Kotlin and Android Development featuring Jetpack: $kotlin_version ? (page 8)

I’m running Android Studio “Arctic Fox” 2020.3.1 Patch 2, and I’m embarrassed to admit that I only made it to page 8 before running into my first brick wall:

Gradle sync is failing on implementation "org.jetbrains.kotlin:kotlin-stdlib-jdk8:$kotlin_version"

A problem occurred evaluating project ':app'.
> Could not get unknown property 'kotlin_version' for object of type org.gradle.api.internal.artifacts.dsl.dependencies.DefaultDependencyHandler.

Any insight into what the problem might be?

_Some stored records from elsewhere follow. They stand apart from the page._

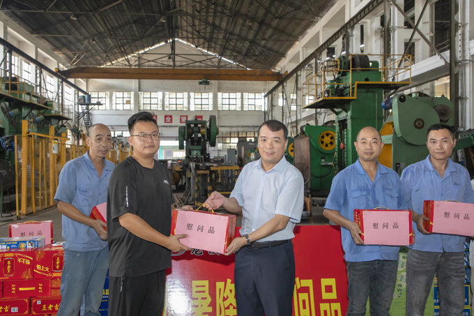 慰問過程中,慰問組詳細了解了生產一線車間的安全生產、防暑降溫措施采取情況及員工的精神狀態,檢查了車間的安全生產及工作環境,親切慰問奮戰在一線的基層員工,送上精心準備的防暑降溫物品。慰問組對一線員工不畏高溫、堅守崗位、辛勤付出予以充分肯定,反復叮囑員工們要增強自我保護意識,在堅守崗位時要注意勞逸結合、保重身體,預防高溫中暑,在生產過程中要嚴格遵守安全生產紀律,確保安全生產。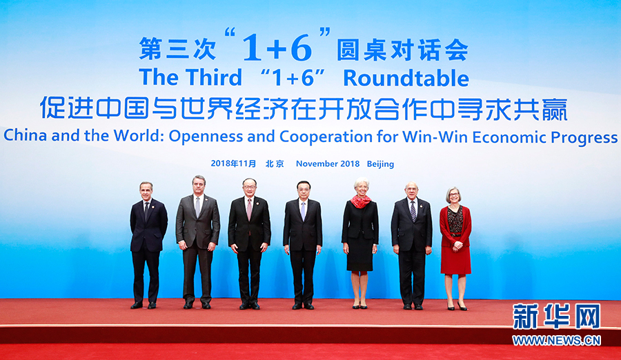 新華社北京11月6日電(記者鄭明達)國務院總理李克強6日下午在釣魚臺國賓館同世界銀行行長金墉、國際貨幣基金組織總裁拉加德、世界貿易組織總干事阿澤維多、經濟合作與發(fā)展組織秘書長古里亞、金融穩(wěn)定理事會主席卡尼和國際勞工組織副總干事格林菲爾德舉行第三次“1+6”圓桌對話會。會議圍繞“促進中國與世界經濟在開放合作中尋求共贏”的主題,就中國經濟和改革開放等議題深入交流。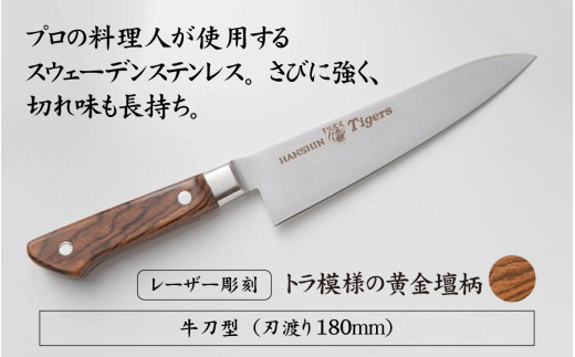 球団承認タイガース包丁牛刀型トラ模様の黄金壇柄とまな板のセット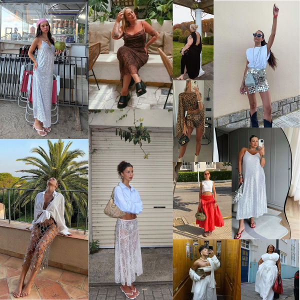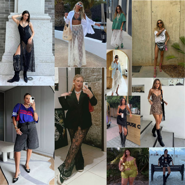Aqui o único dress code possível é: fresh, sexy e confortável. Transparências, croppeds, tops com brilho e tecidos leves dominam a cena. O truque de styling é misturar: paetê + algodão, brilho + jeans, glamour + casual. Monte um look effortless que funciona do dia pra noite.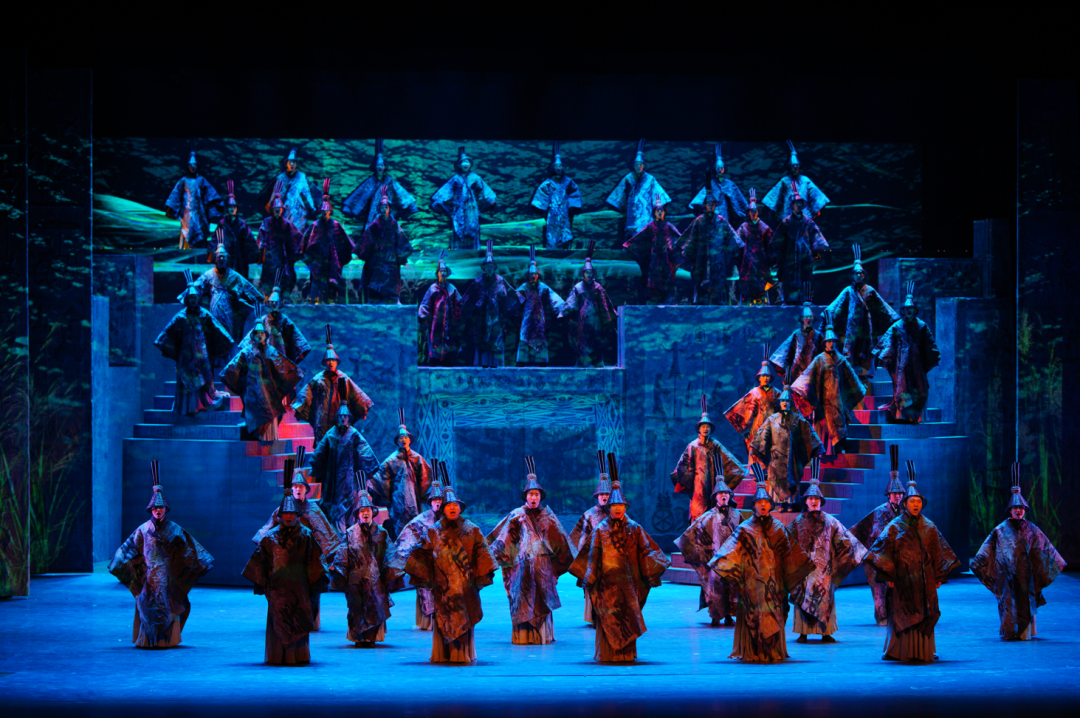 嘉陵滔滔兮水调歌头,万卷藏书兮风云满楼。日月如梭兮竹筒如稠,一部《三国志》兮史志不朽,一曲明亮的音乐声伴随着合唱声响起,青束如墨、冠巾飘飞的陈寿缓步而出,歌剧《陈寿著三国》正式上演。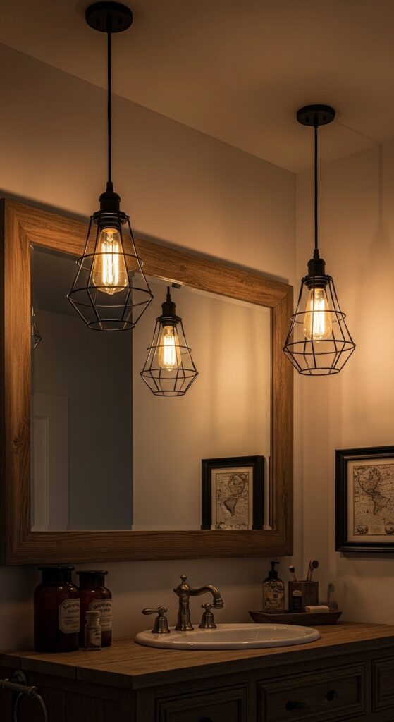 Why it works: Cage pendant lights solve the problem of delivering both ambient and task lighting at mirror height without requiring a vanity bar fixture. The open cage design creates a play of light and shadow on surrounding walls — the grid pattern of the cage casts soft angular lines across the space, adding visual dynamism that solid shade fixtures can’t provide. This works especially well against shiplap, where the shadows echo the plank lines.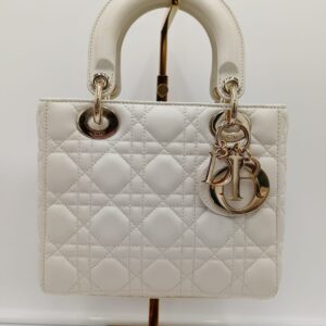 Un’icona senza tempo della maison Dior, sinonimo di eleganza e raffinatezza. Realizzata in pelle bianca con motivo Cannage impunturato, questa borsa unisce artigianalità impeccabile e design intramontabile.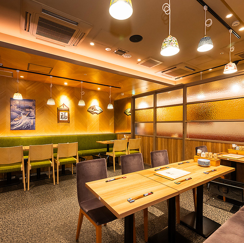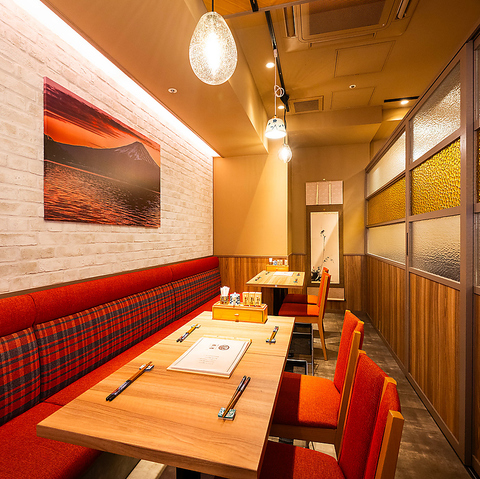 ソファ席は、ゆったり過ごせる人気のお席。仕切りを利用すれば個室としてもご利用いただけるため、周りを気にせずお食事や会話を楽しめます。デートや接待、少人数の宴会など、特別な時間を過ごしたいシーンにもおすすめです。

Is $kotlin_version supposed to be getting set automatically somewhere?

For reference, here’s the build.gradle that’s failing:

plugins {
    id 'com.android.application'
    id 'kotlin-android'
}

android {
    compileSdk 30

    defaultConfig {
        applicationId "dev.mfazio.pennydrop"
        minSdk 26
        targetSdk 30
        versionCode 1
        versionName "1.0"

        testInstrumentationRunner "androidx.test.runner.AndroidJUnitRunner"
    }

    buildTypes {
        release {
            minifyEnabled false
            proguardFiles getDefaultProguardFile('proguard-android-optimize.txt'), 'proguard-rules.pro'
        }
    }
    compileOptions {
        sourceCompatibility JavaVersion.VERSION_1_8
        targetCompatibility JavaVersion.VERSION_1_8
    }
    kotlinOptions {
        jvmTarget = '1.8'
    }
}

dependencies {
    implementation fileTree(dir: "libs", include: ["*.jar"])
    implementation "org.jetbrains.kotlin:kotlin-stdlib-jdk8:$kotlin_version"
    implementation 'androidx.core:core-ktx:1.6.0'
    implementation 'androidx.appcompat:appcompat:1.3.1'
    implementation 'com.google.android.material:material:1.4.0'
    implementation 'androidx.constraintlayout:constraintlayout:2.1.0'
    testImplementation 'junit:junit:4.+'
    androidTestImplementation 'androidx.test.ext:junit:1.1.3'
    androidTestImplementation 'androidx.test.espresso:espresso-core:3.4.0'
}

Hey Jeff!
Totally fair question, the $kotlin_version property lives (or should live, at least) in the top-level build.gradle file:

buildscript {
    ext {
        kotlin_version = '1.4.10'
        gradle_version = '4.1.0'
    }
}

If you ever run into issues, you’re always welcome to post here and you can also grab the source code for every chapter at the book’s page: Kotlin and Android Development featuring Jetpack: Build Better, Safer Android Apps by Michael Fazio

Let me know if that fixes things!

OK, I actually managed to fix it last night after comparing the top build.gradle against the one in the .zip file, but couldn’t edit my post because it hadn’t been approved yet.

I originally tried using the .zip file’s build.gradle verbatim, but had to remove the allprojects{ } section and references to jcenter().

Apparently, Android Studio has a (new?) setting whose default value causes it to halt with an error if there’s an allprojects {} section in build.gradle:

Build was configured to prefer settings repositories over project repositories but repository ‘Google’ was added by build file 'build.gradle’

It also complained about jcenter() being deprecated, but didn’t die over it. I removed the reference to it anyway, and left Google’s default reference to mavencentral() in place.

Here’s my final (working) top-level build.gradle that fixed the problem:

// Top-level build file where you can add configuration options common to all sub-projects/modules.
buildscript {
    ext {
        kotlin_version = '1.4.30'
        gradle_version = '4.1.2'

        app_compat_version = '1.2.0'
        constraint_layout_version = '2.0.4'
        core_version = '1.3.2'
        nav_version = '2.3.3'
    }

    repositories {
        google()
        mavenCentral()
    }
    dependencies {
        classpath "com.android.tools.build:gradle:7.0.2"
        classpath "org.jetbrains.kotlin:kotlin-gradle-plugin:1.5.30"

        // NOTE: Do not place your application dependencies here; they belong
        // in the individual module build.gradle files
    }
}

task clean(type: Delete) {
    delete rootProject.buildDir
}

Anyway, thanks for taking the time to write a badly-needed book!

Hey Jeff, I understand now why you ran into the issue in the first place. When creating a new project with previous versions of Android Studio, the kotlin_version variable was created for you automatically. With Arctic Fox, it skips that and instead hard-codes the version for the dependencies.

Short version: you didn’t do anything wrong, the IDE didn’t give you the value that I expected to be there. I’m thinking I’m going to add some errata for the book to tell people the differences with Arctic Fox.